# Housing allowance



## alexaaudrey (Dec 27, 2015)

Hi all.. I have been offered 3750AED for my housing allowance. Just want to know how much is the normal housing allowance they give for nurses? Thank you.


----------



## Stevesolar (Dec 21, 2012)

alexaaudrey said:


> Hi all.. I have been offered 3750AED for my housing allowance. Just want to know how much is the normal housing allowance they give for nurses? Thank you.


Hi,
That's very low - if you need to find your own place out if this allowance.
A more normal amount would be 10,000 to 15,000 AED per month (depending on seniority).
Cheers
Steve


----------



## alexaaudrey (Dec 27, 2015)

Hi Steve.Thank you for your reply.

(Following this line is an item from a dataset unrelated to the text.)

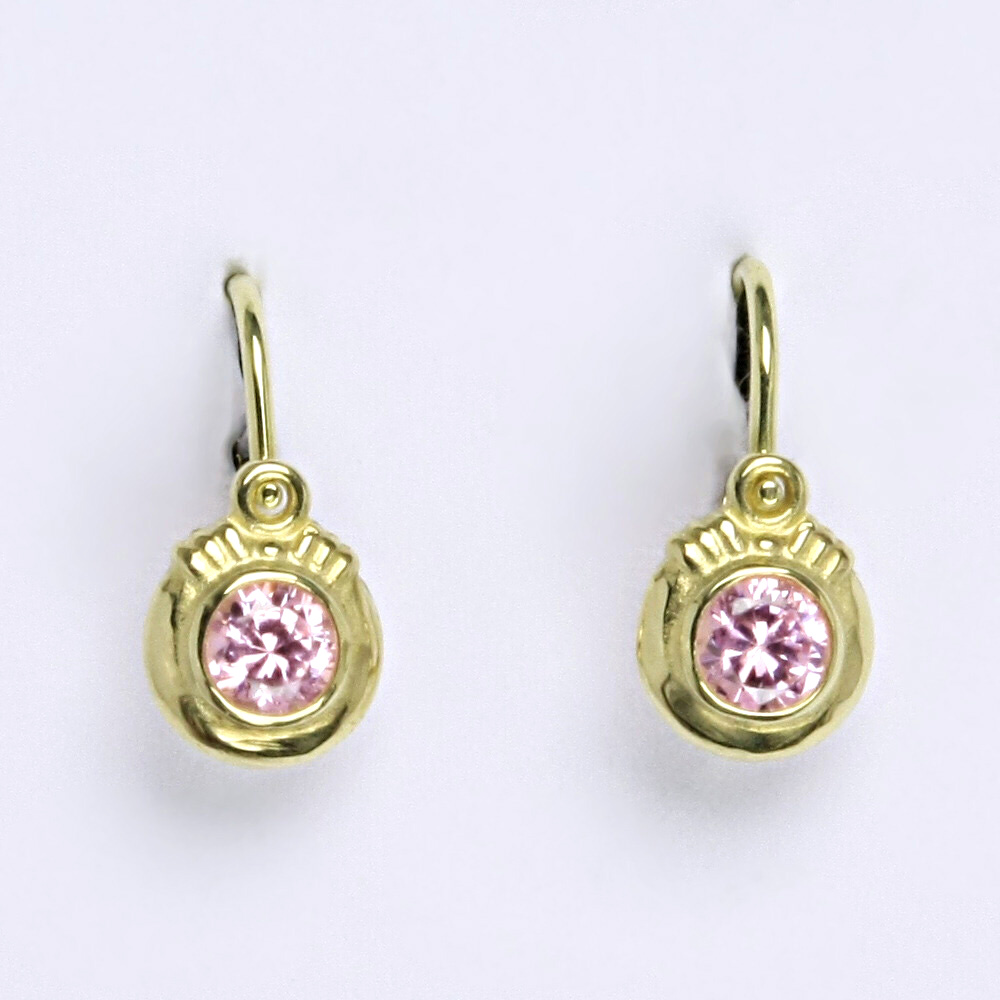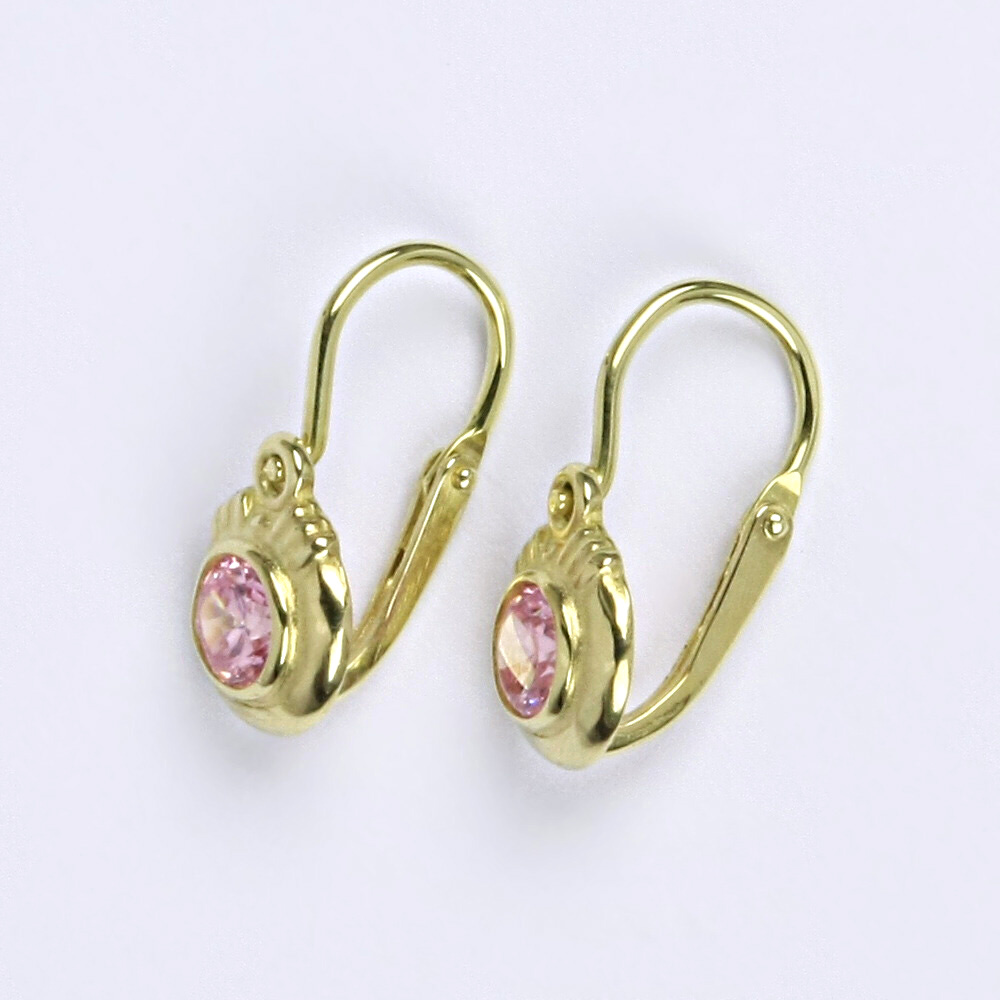 Zlaté náušnice s růžovým zirkonem ze žlutého zlata. Výška náušnice je 15 mm. Orientační váha náušnic je 1,25 g.

My husband and I both got an offer but his housing allowance is 7500AED per month. Is it because we are a couple and we will just need one accommodation that's why they probably given me less allowance? I got the post staff nurse and my husband's charge nurse post.


----------



## Stevesolar (Dec 21, 2012)

alexaaudrey said:


> Hi Steve.Thank you for your reply. My husband and I both got an offer but his housing allowance is 7500AED per month. Is it because we are a couple and we will just need one accommodation that's why they probably given me less allowance? I got the post staff nurse and my husband's charge nurse post.


Hi,
They are probably linking your allowances but if they needed to employ two unrelated people they would need to pay more - so your relationship should be irrelevant.
Cheers
Steve


----------